> [What needs to be done]:
The answer must consist only of the lines in the records below from the line with "Примеры доработок: Для" to the line with "Это приложение интегрируется", both included, copied word for word with every picture left out.

[[ Records for this task open ]]

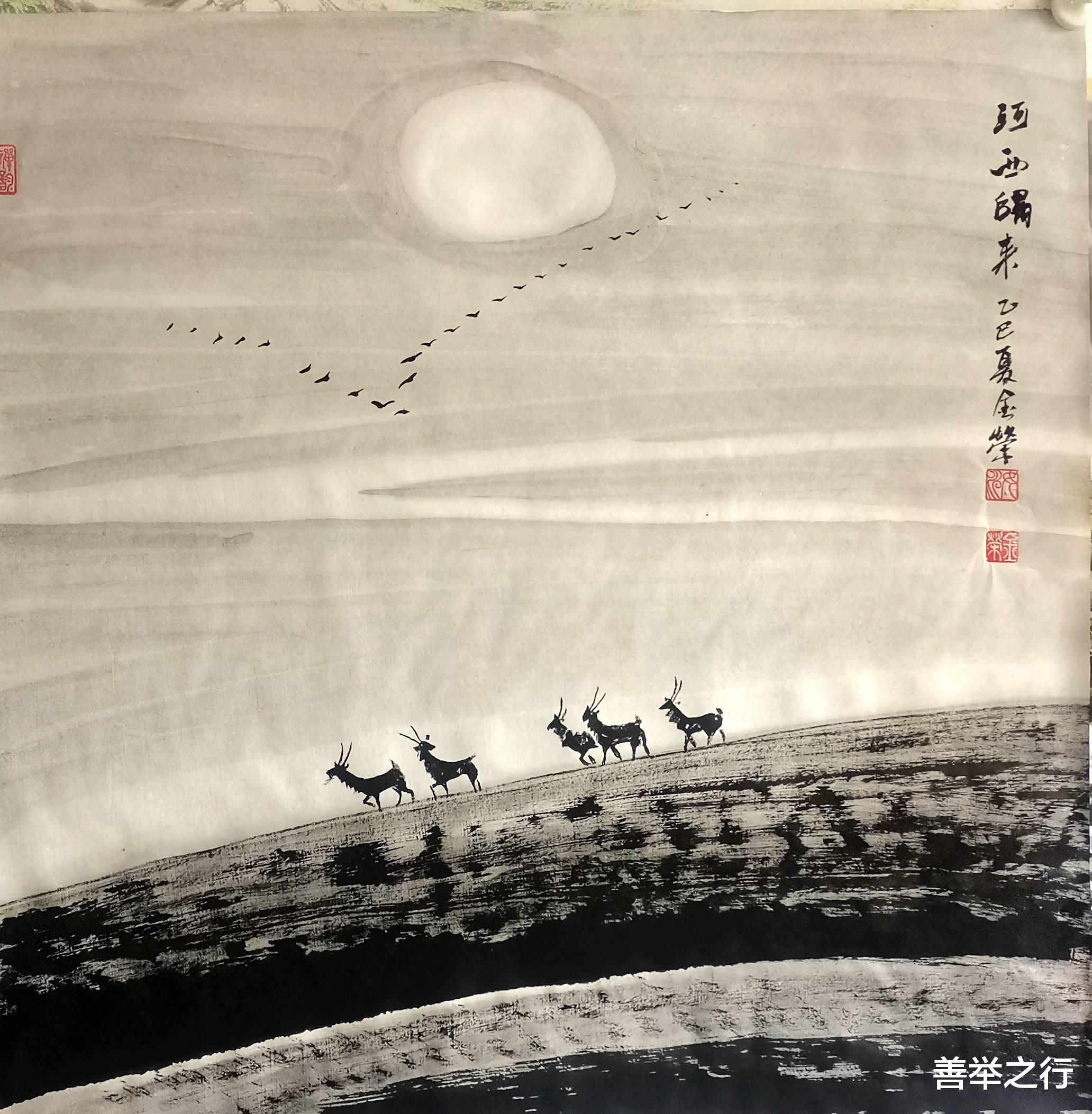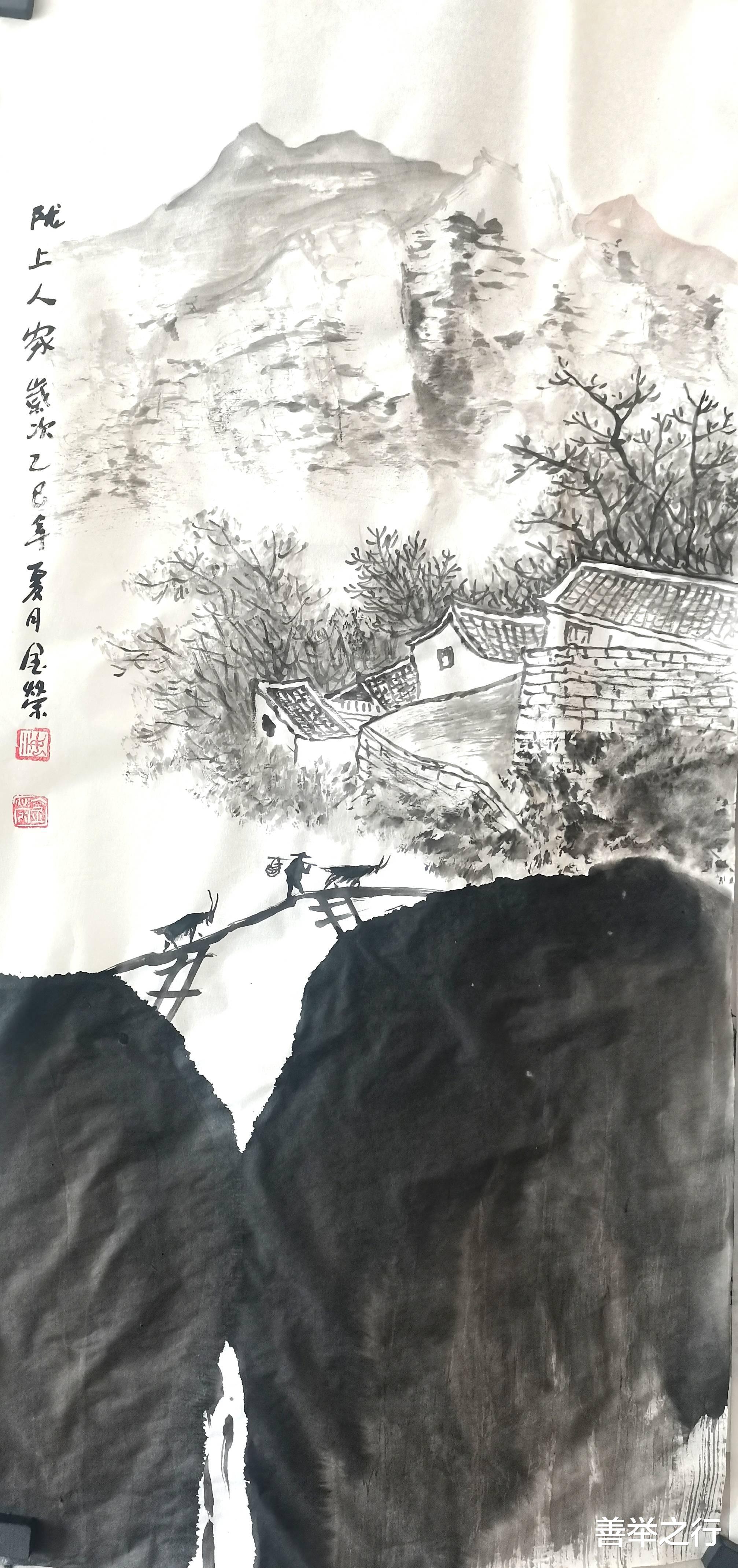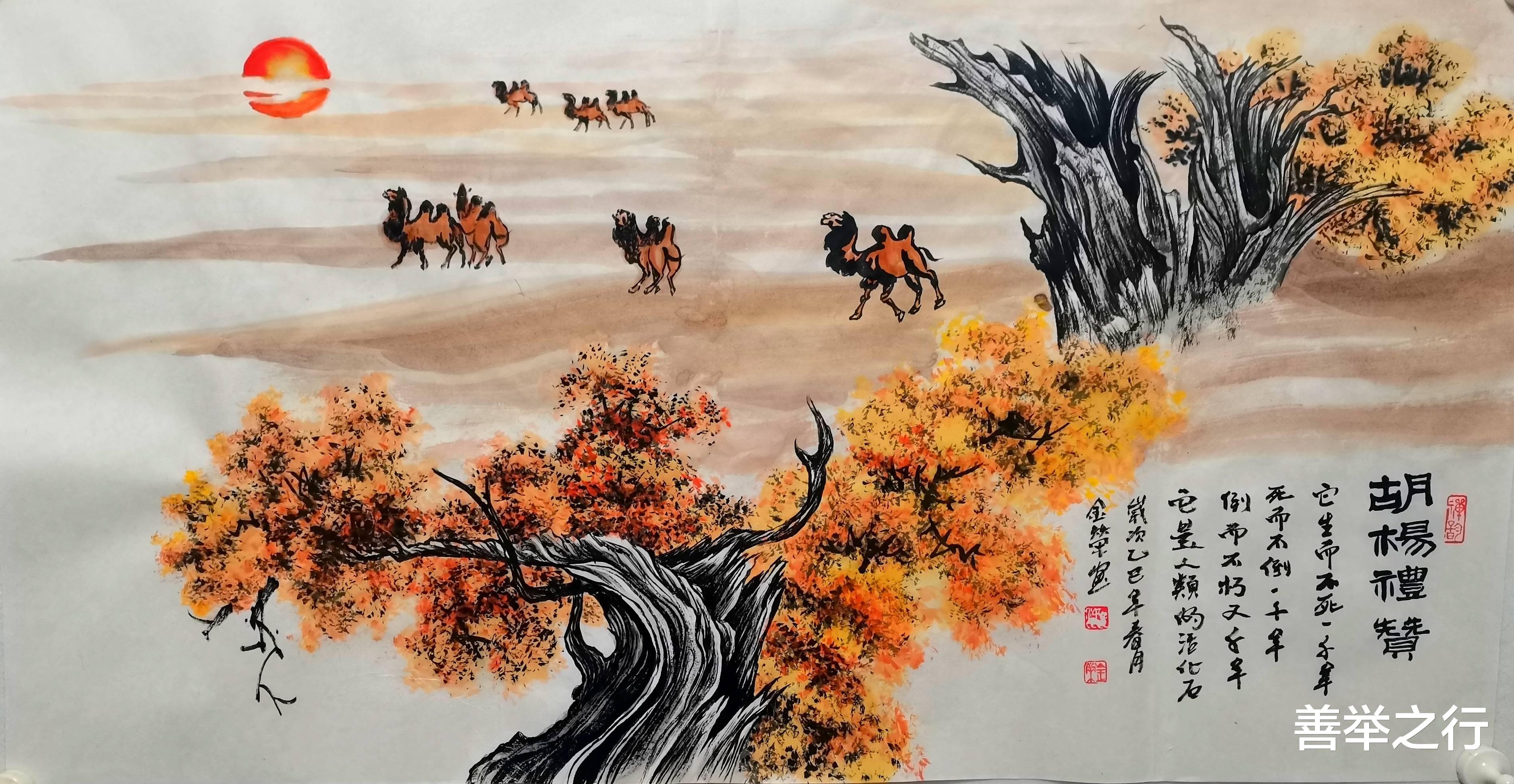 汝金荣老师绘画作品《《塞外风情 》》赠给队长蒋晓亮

[[ Records for this task closed ]]
[[ Records for this task open ]]

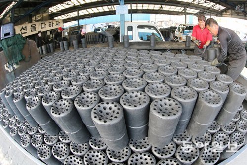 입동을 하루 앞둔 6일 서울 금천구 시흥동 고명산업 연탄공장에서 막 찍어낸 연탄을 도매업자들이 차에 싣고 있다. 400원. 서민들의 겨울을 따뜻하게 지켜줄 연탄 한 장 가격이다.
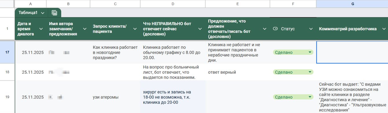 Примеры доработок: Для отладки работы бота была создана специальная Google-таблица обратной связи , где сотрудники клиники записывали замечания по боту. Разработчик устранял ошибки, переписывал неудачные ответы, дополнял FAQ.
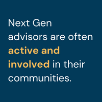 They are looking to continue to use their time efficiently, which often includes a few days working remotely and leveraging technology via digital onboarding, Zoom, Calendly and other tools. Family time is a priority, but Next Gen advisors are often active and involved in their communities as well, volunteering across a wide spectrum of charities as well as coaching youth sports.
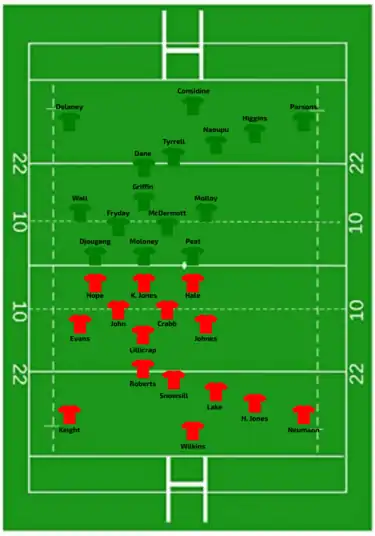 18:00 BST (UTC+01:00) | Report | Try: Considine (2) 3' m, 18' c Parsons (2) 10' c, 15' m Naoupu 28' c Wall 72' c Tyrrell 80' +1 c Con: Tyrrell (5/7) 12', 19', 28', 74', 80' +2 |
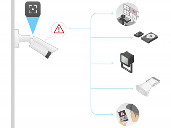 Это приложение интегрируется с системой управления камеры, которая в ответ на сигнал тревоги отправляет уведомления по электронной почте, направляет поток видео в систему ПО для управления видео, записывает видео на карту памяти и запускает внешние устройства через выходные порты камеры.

[[ Records for this task closed ]]
[[ Records for this task open ]]

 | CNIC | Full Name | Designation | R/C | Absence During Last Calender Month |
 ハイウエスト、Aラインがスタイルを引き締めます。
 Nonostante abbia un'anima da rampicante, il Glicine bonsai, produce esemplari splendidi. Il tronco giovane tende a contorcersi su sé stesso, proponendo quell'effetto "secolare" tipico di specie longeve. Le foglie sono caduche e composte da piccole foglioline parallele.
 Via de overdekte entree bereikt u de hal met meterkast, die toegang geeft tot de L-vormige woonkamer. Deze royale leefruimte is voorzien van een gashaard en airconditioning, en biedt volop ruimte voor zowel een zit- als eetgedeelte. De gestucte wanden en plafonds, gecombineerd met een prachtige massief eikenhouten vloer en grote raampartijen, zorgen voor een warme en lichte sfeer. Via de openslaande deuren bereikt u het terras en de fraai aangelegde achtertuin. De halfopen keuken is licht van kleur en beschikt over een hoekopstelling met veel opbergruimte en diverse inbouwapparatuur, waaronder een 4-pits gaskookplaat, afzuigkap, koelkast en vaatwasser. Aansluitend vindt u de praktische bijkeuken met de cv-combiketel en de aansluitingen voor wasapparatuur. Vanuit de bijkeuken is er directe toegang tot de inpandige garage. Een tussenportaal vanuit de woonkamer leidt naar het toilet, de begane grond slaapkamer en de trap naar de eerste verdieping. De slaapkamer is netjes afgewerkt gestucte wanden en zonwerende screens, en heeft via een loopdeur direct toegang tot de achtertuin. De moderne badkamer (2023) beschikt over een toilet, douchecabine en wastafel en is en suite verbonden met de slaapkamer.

[[ Records for this task closed ]]

> [Answer below]:
 Примеры доработок: Для отладки работы бота была создана специальная Google-таблица обратной связи , где сотрудники клиники записывали замечания по боту. Разработчик устранял ошибки, переписывал неудачные ответы, дополнял FAQ.
 They are looking to continue to use their time efficiently, which often includes a few days working remotely and leveraging technology via digital onboarding, Zoom, Calendly and other tools. Family time is a priority, but Next Gen advisors are often active and involved in their communities as well, volunteering across a wide spectrum of charities as well as coaching youth sports.
 18:00 BST (UTC+01:00) | Report | Try: Considine (2) 3' m, 18' c Parsons (2) 10' c, 15' m Naoupu 28' c Wall 72' c Tyrrell 80' +1 c Con: Tyrrell (5/7) 12', 19', 28', 74', 80' +2 |
 Это приложение интегрируется с системой управления камеры, которая в ответ на сигнал тревоги отправляет уведомления по электронной почте, направляет поток видео в систему ПО для управления видео, записывает видео на карту памяти и запускает внешние устройства через выходные порты камеры.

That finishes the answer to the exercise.